We have sneered: “LOL, see this one! Since when? Of where?” By now you think that we are in agreement that the pride of a real man is independence.

Independence! Self-sufficiency! I am my own man! I stand on my own two feet! Independence! That is the defining characteristic of a real man!
But no, we don’t agree. First of all, because being independent and self-sufficient is not a masculine thing. Several other genders have independent members and there are multitudes of self-made women and women who are their own man (except for one detail).

First let me tell you how independence is not always a strength and how in fact it is often a weakness:

If there is one thing I learned since I became a man, it is that you can stick out your whole chest, with all its macho hair and huff and puff about being your own man, but a single naked chest, open, unarmoured and unprotected before the blows of life is just a fool’s ribcage waiting to be punctured through and deflated, because in life, bro, for real, dude, I’m telling you, my guy, in life, fam, you are better off with people.

No one can go far enough alone: You will need help. You will, you do need other people. Balls are glamorous, but not as useful as you would imagine. Much more essential metaphorical body parts are hands to hold, shoulders to lean on, ears to bend, arms to embrace, backs to have in exchange for yours.

Independence will get you this far, and you will be proud of yourself for having got this far, but that pride is what will stop you from going further. Because one thing that breaks men is that being too proud to ask for help.
We, because now I am done with the objective satirist detachment, now we are talking man-to-man-and-other-interested parties, we need help, and need it often, but if we think asking for it makes us weak, or that it diminishes this essential identifier of ourselves that we call our Manhood that we cherish so, so much that we would walk to our doom with it, rather than let go of it and grasp our own redemption, then it is not just a weakness, it is a fatal one.
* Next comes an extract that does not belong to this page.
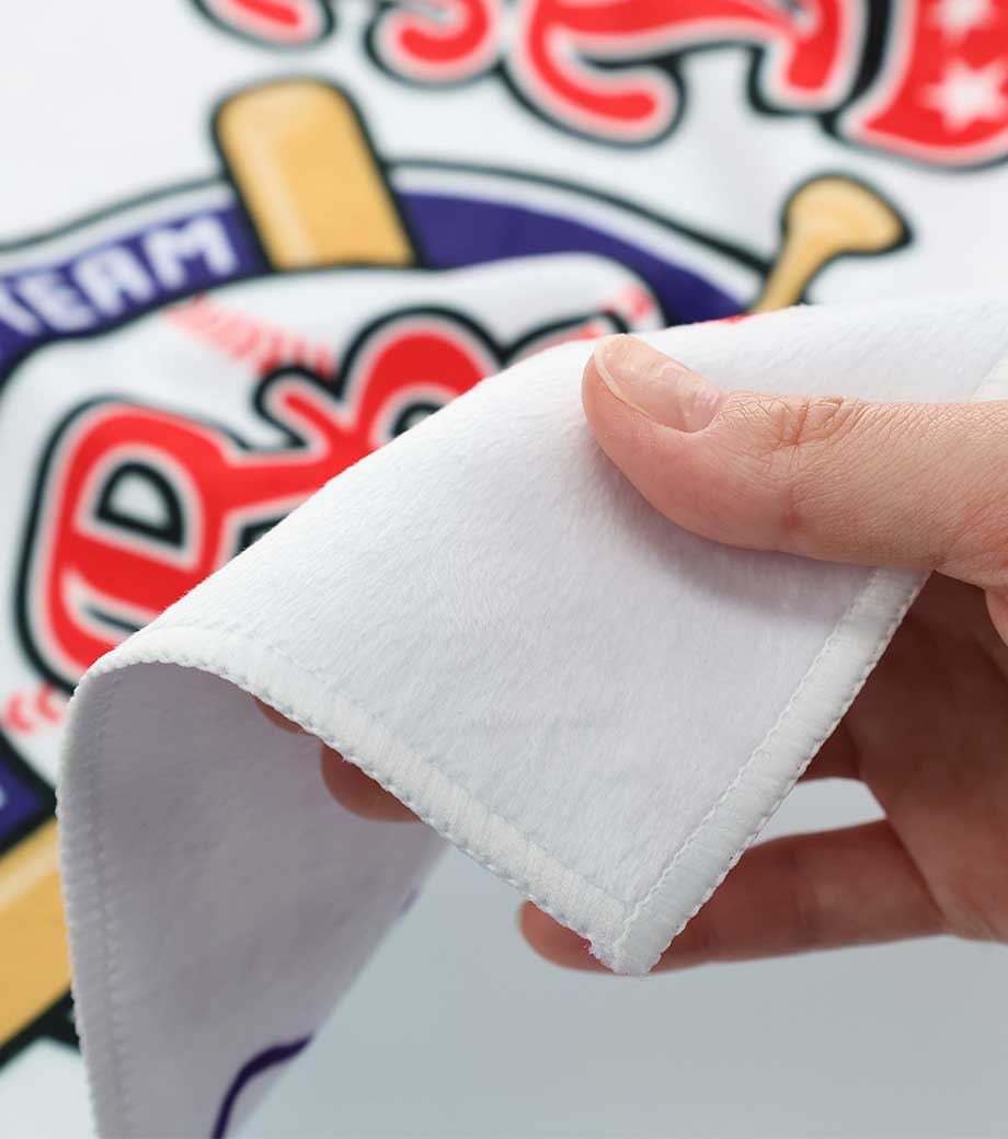 かさばりにくい中厚タイプの表面は印刷が綺麗に仕上がるマイクロファイバー素材。端までプリント可能です。裏面は吸水性のあるコットン素材を使用しています。表示価格は印刷代込みの格安価格!フルカラーのデザインも1色のデザインも同価格でご案内。1枚からご注文いただけます。

Less independent people do it all the time: they ask for help, and as a result they achieve more for both themselves and their allies than a Manly Man who insists on going it alone. But independence is shiny and glamorous. It looks cool on you. It’s a Fortrunner you drive with sunglasses on, it looks good on a man.

And there is a sturdy sexiness in saying “I did my own thing.” “I got my own thing.” “I did it on my own.” “I did it my way”. It is a valiant defiance of the world. It is a badge of strength. No, not strength: might. No, not might: Power. In a world full of failures and losers and victims broken and cast down by that world, to be standing, in spite of it all, and to be standing alone? That means strength. Might. Power. You da man.
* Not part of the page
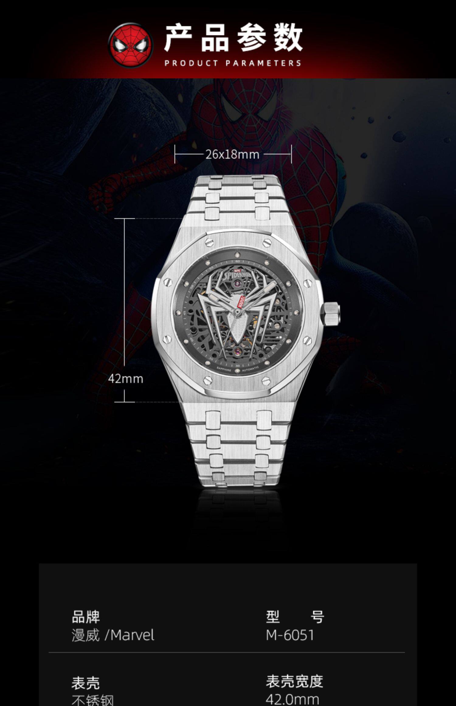 | Цвет: | Человек-паук-серебра [316 Squad Steel], Черный импортный механический механизм, полностью автоматический |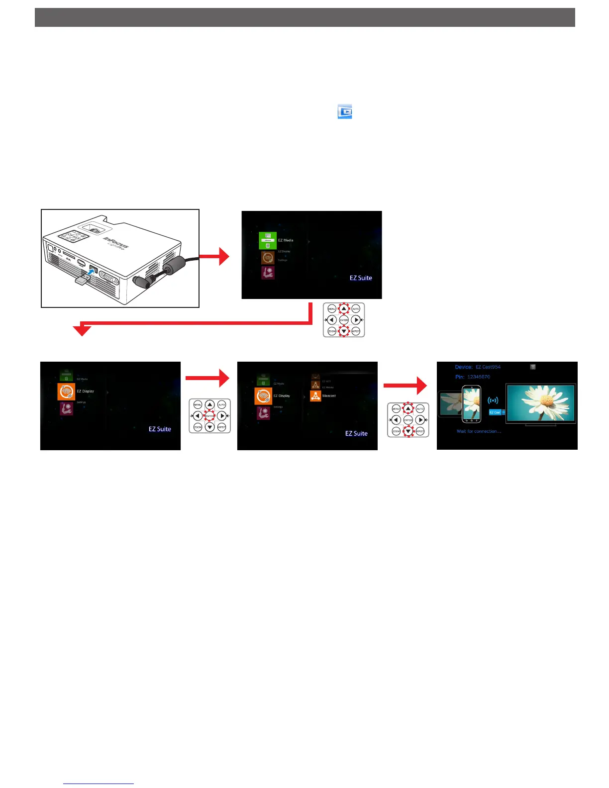 4. Enter Miracast in the projector's menu and wait until the connection to the portable device is established. (Home Menu > [EZ Display > [Miracast]).

But anyone who has had to pay for parts while still servicing the car loan knows that a Fortrunner can be more trouble than it’s worth. Independence is not a wise way to live your life, certainly not if you’re going to make it the linchpin of something as central to your identity as your manliness and, if you got this far on your own, you only got half as far as you would have gone if you weren’t alone.

The truth is people are not strong, people need other people.

So, let’s look at that tweet again. Let’s have a different man tweet it.

Sometimes it’s been a long day. You have been out battling Kampala, fighting its unrelenting chaos and treachery, you are weary from a long day of dodging, ducking and parrying the shit this city throws at all of us, all day. When you get home, you need rest, you need respite, you need something different from the burdens Kampala heaps onto your head every merciless day you live in it.

And so you get home and find the person who chose to share her life with you, the person who sees your life as part of theirs, the person you share life with, the person who loves you. She sees you tired and worn and weary, and she sees what you need: you need someone to remind you that you are not just the battered body life has chewed and spat out onto her
veranda. She sees that you need someone to show you that you are treasured, that what you fight for is worth it, that you mean something.
So she says the words Ugandans say to their loved ones that mean,”I care about you.”
She says, “Jangu tulye.”

So you tweet
This is how it would go:

@Man: Whatever time I come home, my wife has to serve me supper. Because she is kind to me. I’m a lucky fellow. I’m a lucky man.